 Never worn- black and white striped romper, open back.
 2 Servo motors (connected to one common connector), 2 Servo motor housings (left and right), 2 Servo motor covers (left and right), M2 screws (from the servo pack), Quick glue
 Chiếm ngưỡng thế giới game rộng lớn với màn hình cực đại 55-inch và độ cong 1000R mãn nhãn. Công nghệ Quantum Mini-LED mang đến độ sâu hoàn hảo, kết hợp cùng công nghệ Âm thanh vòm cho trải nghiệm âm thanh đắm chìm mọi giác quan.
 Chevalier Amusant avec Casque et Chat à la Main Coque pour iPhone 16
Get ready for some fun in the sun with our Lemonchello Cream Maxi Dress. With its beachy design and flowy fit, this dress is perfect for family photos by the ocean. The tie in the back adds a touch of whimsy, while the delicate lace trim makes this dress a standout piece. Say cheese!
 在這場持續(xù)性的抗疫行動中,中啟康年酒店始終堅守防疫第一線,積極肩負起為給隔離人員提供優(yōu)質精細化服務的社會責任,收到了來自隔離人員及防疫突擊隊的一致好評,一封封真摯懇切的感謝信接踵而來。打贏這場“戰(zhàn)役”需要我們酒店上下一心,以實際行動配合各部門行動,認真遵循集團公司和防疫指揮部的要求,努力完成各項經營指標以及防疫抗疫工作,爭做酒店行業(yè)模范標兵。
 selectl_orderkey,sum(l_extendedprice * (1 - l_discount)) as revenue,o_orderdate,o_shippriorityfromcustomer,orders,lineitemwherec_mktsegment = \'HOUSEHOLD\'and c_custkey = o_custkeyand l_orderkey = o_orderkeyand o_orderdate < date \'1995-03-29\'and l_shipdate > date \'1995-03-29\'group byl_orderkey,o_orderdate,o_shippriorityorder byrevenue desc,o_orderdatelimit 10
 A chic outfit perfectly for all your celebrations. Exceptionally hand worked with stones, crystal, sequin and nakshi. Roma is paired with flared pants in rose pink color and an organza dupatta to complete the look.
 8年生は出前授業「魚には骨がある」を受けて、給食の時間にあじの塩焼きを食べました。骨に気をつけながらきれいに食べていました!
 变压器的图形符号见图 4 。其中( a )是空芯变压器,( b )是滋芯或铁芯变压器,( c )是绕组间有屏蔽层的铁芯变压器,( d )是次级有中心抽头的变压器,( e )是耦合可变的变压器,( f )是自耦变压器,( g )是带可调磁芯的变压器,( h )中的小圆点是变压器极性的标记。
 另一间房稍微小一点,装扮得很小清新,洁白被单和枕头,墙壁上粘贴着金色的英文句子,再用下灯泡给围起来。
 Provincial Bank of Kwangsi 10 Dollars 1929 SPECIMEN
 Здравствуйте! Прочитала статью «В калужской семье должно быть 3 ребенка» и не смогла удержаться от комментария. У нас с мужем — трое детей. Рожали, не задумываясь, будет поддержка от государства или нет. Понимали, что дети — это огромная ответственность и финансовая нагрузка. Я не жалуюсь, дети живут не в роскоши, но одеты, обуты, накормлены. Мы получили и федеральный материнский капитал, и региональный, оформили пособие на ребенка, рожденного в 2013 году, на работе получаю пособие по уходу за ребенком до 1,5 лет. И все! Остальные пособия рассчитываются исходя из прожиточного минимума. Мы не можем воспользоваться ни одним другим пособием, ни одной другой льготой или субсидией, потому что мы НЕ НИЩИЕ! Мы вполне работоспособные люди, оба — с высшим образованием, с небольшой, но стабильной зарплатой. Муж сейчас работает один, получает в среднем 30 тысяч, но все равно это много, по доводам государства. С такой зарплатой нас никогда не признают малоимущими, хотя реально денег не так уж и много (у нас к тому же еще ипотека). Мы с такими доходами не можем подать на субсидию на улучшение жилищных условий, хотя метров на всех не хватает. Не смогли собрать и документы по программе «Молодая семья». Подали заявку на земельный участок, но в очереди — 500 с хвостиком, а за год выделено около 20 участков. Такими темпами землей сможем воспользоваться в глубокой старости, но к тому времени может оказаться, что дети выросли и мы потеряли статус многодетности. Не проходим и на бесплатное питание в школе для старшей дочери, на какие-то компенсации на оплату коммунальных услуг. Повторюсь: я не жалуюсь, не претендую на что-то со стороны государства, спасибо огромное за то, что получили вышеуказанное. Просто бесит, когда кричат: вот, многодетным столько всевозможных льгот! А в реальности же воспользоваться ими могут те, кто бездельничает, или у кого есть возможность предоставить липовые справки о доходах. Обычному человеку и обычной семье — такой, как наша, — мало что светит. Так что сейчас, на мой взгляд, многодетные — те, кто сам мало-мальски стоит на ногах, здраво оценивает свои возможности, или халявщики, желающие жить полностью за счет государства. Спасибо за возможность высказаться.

=== Work request ===
Print again the lines of the entries above that fall between the line holding "Chiếm ngưỡng thế" and the line holding "selectl_orderkey,sum(l_extendedprice * (1", inclusive, exactly as they stand.

=== Exercise solution ===
 Chiếm ngưỡng thế giới game rộng lớn với màn hình cực đại 55-inch và độ cong 1000R mãn nhãn. Công nghệ Quantum Mini-LED mang đến độ sâu hoàn hảo, kết hợp cùng công nghệ Âm thanh vòm cho trải nghiệm âm thanh đắm chìm mọi giác quan.
 Chevalier Amusant avec Casque et Chat à la Main Coque pour iPhone 16
Get ready for some fun in the sun with our Lemonchello Cream Maxi Dress. With its beachy design and flowy fit, this dress is perfect for family photos by the ocean. The tie in the back adds a touch of whimsy, while the delicate lace trim makes this dress a standout piece. Say cheese!
 在這場持續(xù)性的抗疫行動中,中啟康年酒店始終堅守防疫第一線,積極肩負起為給隔離人員提供優(yōu)質精細化服務的社會責任,收到了來自隔離人員及防疫突擊隊的一致好評,一封封真摯懇切的感謝信接踵而來。打贏這場“戰(zhàn)役”需要我們酒店上下一心,以實際行動配合各部門行動,認真遵循集團公司和防疫指揮部的要求,努力完成各項經營指標以及防疫抗疫工作,爭做酒店行業(yè)模范標兵。
 selectl_orderkey,sum(l_extendedprice * (1 - l_discount)) as revenue,o_orderdate,o_shippriorityfromcustomer,orders,lineitemwherec_mktsegment = \'HOUSEHOLD\'and c_custkey = o_custkeyand l_orderkey = o_orderkeyand o_orderdate < date \'1995-03-29\'and l_shipdate > date \'1995-03-29\'group byl_orderkey,o_orderdate,o_shippriorityorder byrevenue desc,o_orderdatelimit 10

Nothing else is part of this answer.